The words were gentle, but they struck like a blade. Not because they were cruel, because they were sincere.
Maddie’s gaze softened instantly. “Whatever you say, my love,” she murmured, brushing a strand of silver-blonde hair from Margot’s cheek like she was handling porcelain.
Maddie always obeyed Margot. There was no room for pride in the way she loved her. It was all-consuming, worshipful, a devotion that bordered on obsession. Caitlyn used to believe it was infatuation. That it would fade with time. That this was nothing more than the dizzying high of a honeymoon phase.
But deep down, she knew better.
This wasn’t fleeting.
Maddie loved Margot in a way she had never loved her.
Caitlyn clenched her jaw, forcing the bile back down her throat. Her mouth wanted to stay shut, but her heart screamed to be heard, even if it was the last thing it ever did.
Her pride was ash. Her family had turned their backs. The people she grew up with, the ones who once whispered her name with reverence, now laughed behind their glasses of wine. Her title, her honor, her image, gone.
What more was there to lose?
Something hot slid down her cheek. Not sorrow. Not regret.
Rage.
Maddie blinked, catching the shift in Caitlyn’s expression.

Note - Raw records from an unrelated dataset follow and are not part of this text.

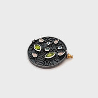 Versatile in design, the piece can be worn as a pendant, pin, or brooch and features a removable blackened 925 silver pin and chain, accented with 22k gold granules. Crafted using wax carving and lost wax casting, this one-of-a-kind design symbolizes togetherness and showcases gemstones including Mesa Verde® Peridot, Montana Sapphire, Oregon Sunstone, and Yogo Sapphire. Each stone is set in a hand-built wax bezel with intricate wax wire filigree details that enhance the floral style. After casting, the gems were set using a bezel technique with a high-polish finish, and the blackened background creates contrast to highlight the vibrant jewels.
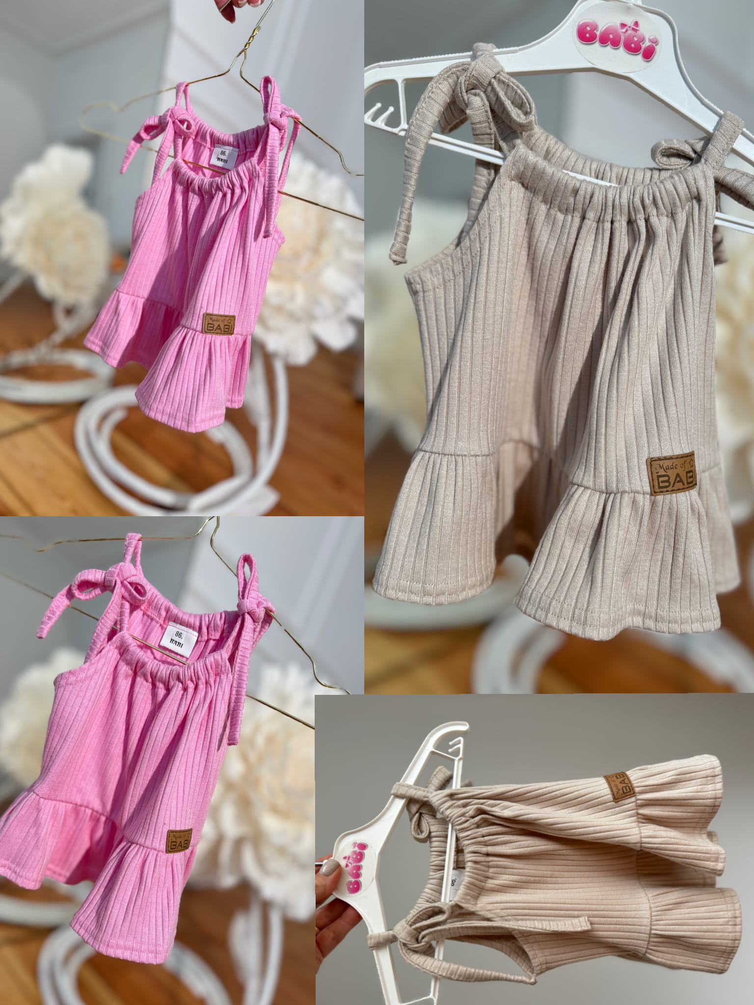 Producent Małgorzata LochertKomplet dla dziewczynki dzwony prążkowane stokrotki na różu plus opaska plus body lub bluzka kremowa prążkowana
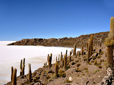 玻利维亚乌尤尼盐沼 阿尔蒂普拉诺(或称“高平原”)是玻利维亚安第斯山区的一个大高原,海拔在3000米以上。在高原南端有一些冰融化时留下的盐湖,而在1万年前最后一次冰期未,湖水已逐渐流失。 |
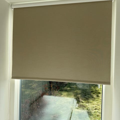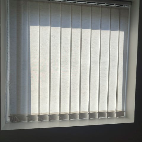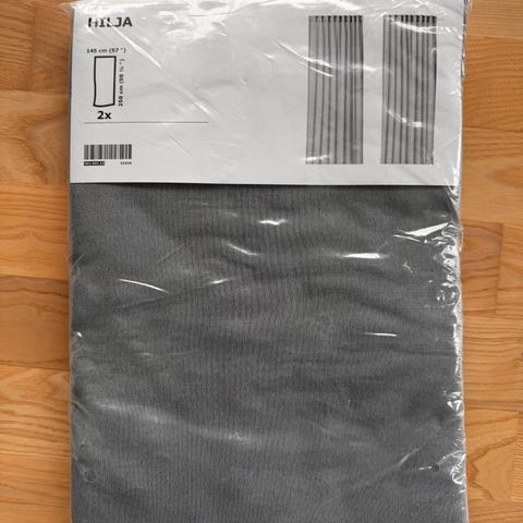 Gray IKEA blind. Horizontal slat blind suitable for mounting in a window. It can be raised and lowered as needed for light control and privacy. The blind has a compact design and can be folded up when not in use.
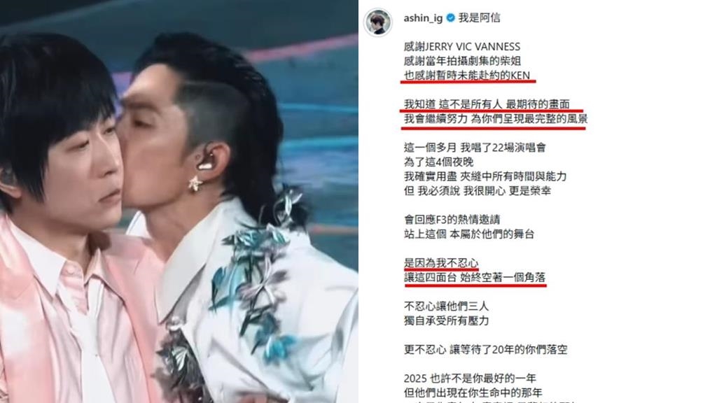 阿信在文中也對未能前來的朱孝天也表達感謝,坦言:「我知道這不是所有人最期待的畫面,我會繼續努力,為你們呈現最完整的風景。」並提到自己最近一個多月已唱了22場演唱會,為了這4晚他用盡所有時間與能力,站上本屬於F3的舞台是出於自己思考過的決定,「我不忍心讓這四面台始終空著一個角落;不忍心讓他們三人獨自承受所有壓力;更不忍心讓等待了20年的你們落空」,想把此次演出視為回饋粉絲的禮物,語氣非常溫暖。

Her smirk faltered just a little. For the first time, she saw something new in Caitlyn’s eyes. Not love, not grief.
Something unrecognizable.
Something dangerous.
She thought she had broken her. But Caitlyn’s stare said otherwise.
Caitlyn rose to her feet slowly, her knees trembling, but her spine straight. Like a soldier with nothing left but the battlefield. Like someone reborn, not from light, but fire.
She saw red.
And in that crimson haze, a whisper slipped into her ear.
“Stay down.”
The voice wasn’t Maddie’s. It wasn’t Margot’s.
It was her own.
Caitlyn turned, and saw herself.
A mirror image stood just beside her, identical in every way except for the eyes. The other Caitlyn looked hollow. Tired. Older.
“Don’t fight back,” the reflection whispered. “You’ll lose everything.”
Caitlyn stumbled back, breath hitching in her throat. She reached out, and her hand passed through the image like smoke.
She gasped.
Then the ground gave way.
There was no scream, only silence as the world fell out from beneath her.
The ballroom vanished. The mocking stares, the champagne flutes, the hush of scandal, all gone. Maddie and Margot disappeared like a mirage, their laughter echoing faintly in the distance.
Caitlyn stood alone in an abyss of shadow.
No light. No sound. No anchor.
Just herself.
She didn’t know when it all went wrong.
But as the void swallowed her whole, she knew one thing with absolute certainty:
This was the moment the fall began.
And whatever came next, she wouldn’t be the same.